▸ **Exercise description**:
Write out the listing below in its entirety, minus the pictures, without changing a word.

▸ **Data to process**:
§ §

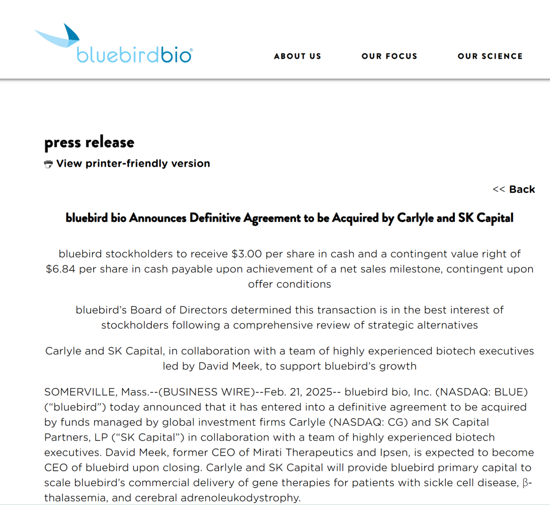 果不其然,蓝鸟生物在今年2月宣布“卖身”,但最高1亿美元的价格还是让市场为之震惊。收购方为全球两大投资巨头凯雷和SK Capital。根据协议,蓝鸟生物股东将获得每股3美元的现金,若公司现有疗法在2027年底前销售额达到6亿美元,公司股东还将获得每股6.84美元的额外支付。两项合计,此次交易的最高潜在金额约为1亿美元。
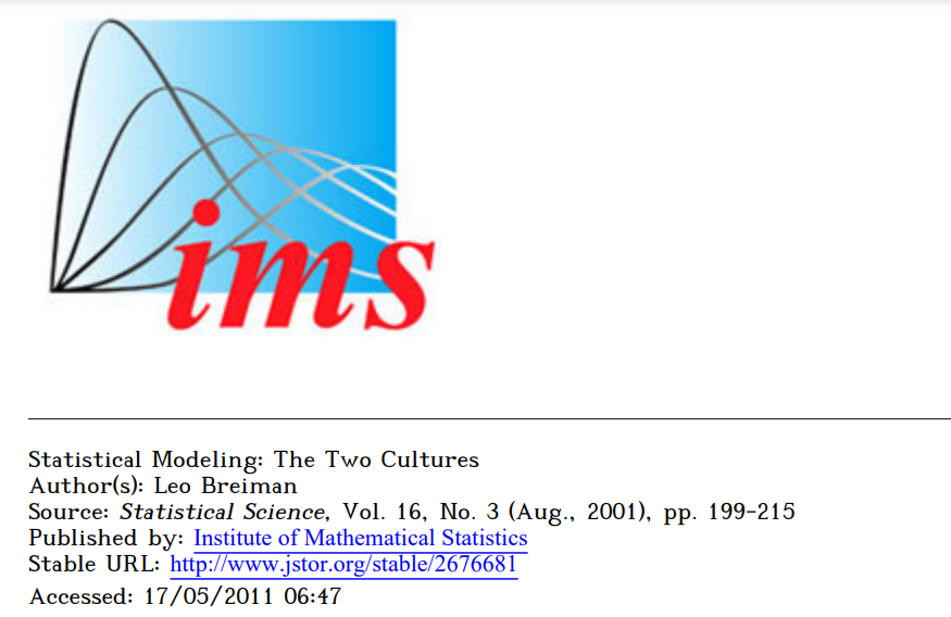 文章链接:https://projecteuclid.org/journals/statistical-science/volume-16/issue-3/Statistical-Modeling--The-Two-Cultures-with-comments-and-a/10.1214/ss/1009213726.full
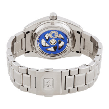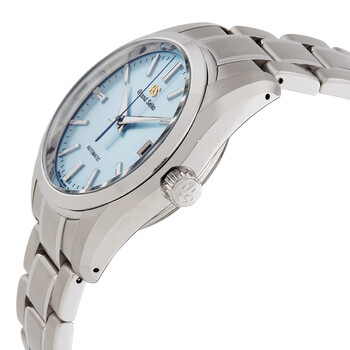Silver-tone stainless steel case and bracelet. Fixed silver-tone stainless steel bezel. Aqua dial with silver-tone hands and index hour markers. Minute scale around the inner rim. Dial Type: Analog. Date display at the 3 o'clock position. Grand Seiko Calibre 9S65 automatic movement with a 72-hour power reserve. Scratch resistant sapphire crystal. Screw down crown. Transparent see through case back. Round case shape, case size: 37 mm, case thickness: 13.3 mm. Band width: 19 mm. Three-fold with push button release clasp. Water resistant at 100 meters / 330 feet. Functions: date, hour, minute, second. Heritage Series. Sport watch style. Watch label: Japan Movt. Item Variations: SBGR325G. Grand Seiko Heritage Automatic Ladies Watch SBGR325.
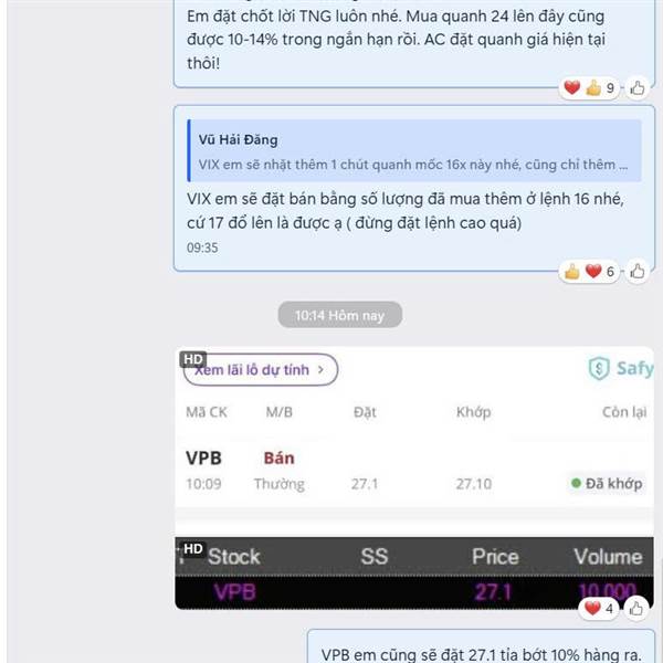 Các lệnh sáng nay BÁN TNG => BÁN VIX => BÁN VPB. Xử lý triệt để các lệnh mua thêm - margin - sức mua ac nhé. Xanh như này là thời điểm ko thể tốt hơn rồi
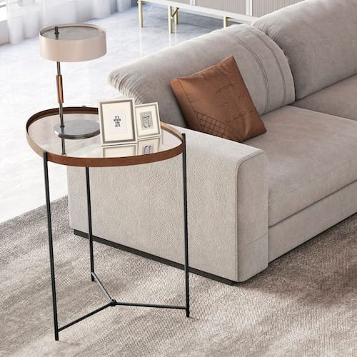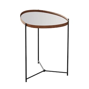 A mesa lateral orgânica Alamanda contém a borda em couro sintético e espelho 4mm, além dos pés em ferro.
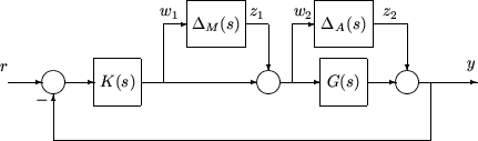 где TI (s) обозначает входную дополняющую функцию чувствительности, а SO (s) обозначает выходную функцию чувствительности. Ограничения на размер матриц передаточной функции от z1 до w1 и от z2 до w2 обеспечивают устойчивость системы с замкнутым контуром к мультипликативной неопределенности ΔM (s) на входе установки и аддитивной неопределенности ΔA (s) вокруг установки G (s). В формулировке проблемы управления H∞ цели надежности входят в процедуру синтеза в качестве дополнительных входных/выходных сигналов, которые должны оставаться малыми. Соединение с удаленными блоками неопределенности следует ниже.

§ §

▸ **Result for this task**:
 果不其然,蓝鸟生物在今年2月宣布“卖身”,但最高1亿美元的价格还是让市场为之震惊。收购方为全球两大投资巨头凯雷和SK Capital。根据协议,蓝鸟生物股东将获得每股3美元的现金,若公司现有疗法在2027年底前销售额达到6亿美元,公司股东还将获得每股6.84美元的额外支付。两项合计,此次交易的最高潜在金额约为1亿美元。
 文章链接:https://projecteuclid.org/journals/statistical-science/volume-16/issue-3/Statistical-Modeling--The-Two-Cultures-with-comments-and-a/10.1214/ss/1009213726.full
Silver-tone stainless steel case and bracelet. Fixed silver-tone stainless steel bezel. Aqua dial with silver-tone hands and index hour markers. Minute scale around the inner rim. Dial Type: Analog. Date display at the 3 o'clock position. Grand Seiko Calibre 9S65 automatic movement with a 72-hour power reserve. Scratch resistant sapphire crystal. Screw down crown. Transparent see through case back. Round case shape, case size: 37 mm, case thickness: 13.3 mm. Band width: 19 mm. Three-fold with push button release clasp. Water resistant at 100 meters / 330 feet. Functions: date, hour, minute, second. Heritage Series. Sport watch style. Watch label: Japan Movt. Item Variations: SBGR325G. Grand Seiko Heritage Automatic Ladies Watch SBGR325.
 Các lệnh sáng nay BÁN TNG => BÁN VIX => BÁN VPB. Xử lý triệt để các lệnh mua thêm - margin - sức mua ac nhé. Xanh như này là thời điểm ko thể tốt hơn rồi
 A mesa lateral orgânica Alamanda contém a borda em couro sintético e espelho 4mm, além dos pés em ferro.
 где TI (s) обозначает входную дополняющую функцию чувствительности, а SO (s) обозначает выходную функцию чувствительности. Ограничения на размер матриц передаточной функции от z1 до w1 и от z2 до w2 обеспечивают устойчивость системы с замкнутым контуром к мультипликативной неопределенности ΔM (s) на входе установки и аддитивной неопределенности ΔA (s) вокруг установки G (s). В формулировке проблемы управления H∞ цели надежности входят в процедуру синтеза в качестве дополнительных входных/выходных сигналов, которые должны оставаться малыми. Соединение с удаленными блоками неопределенности следует ниже.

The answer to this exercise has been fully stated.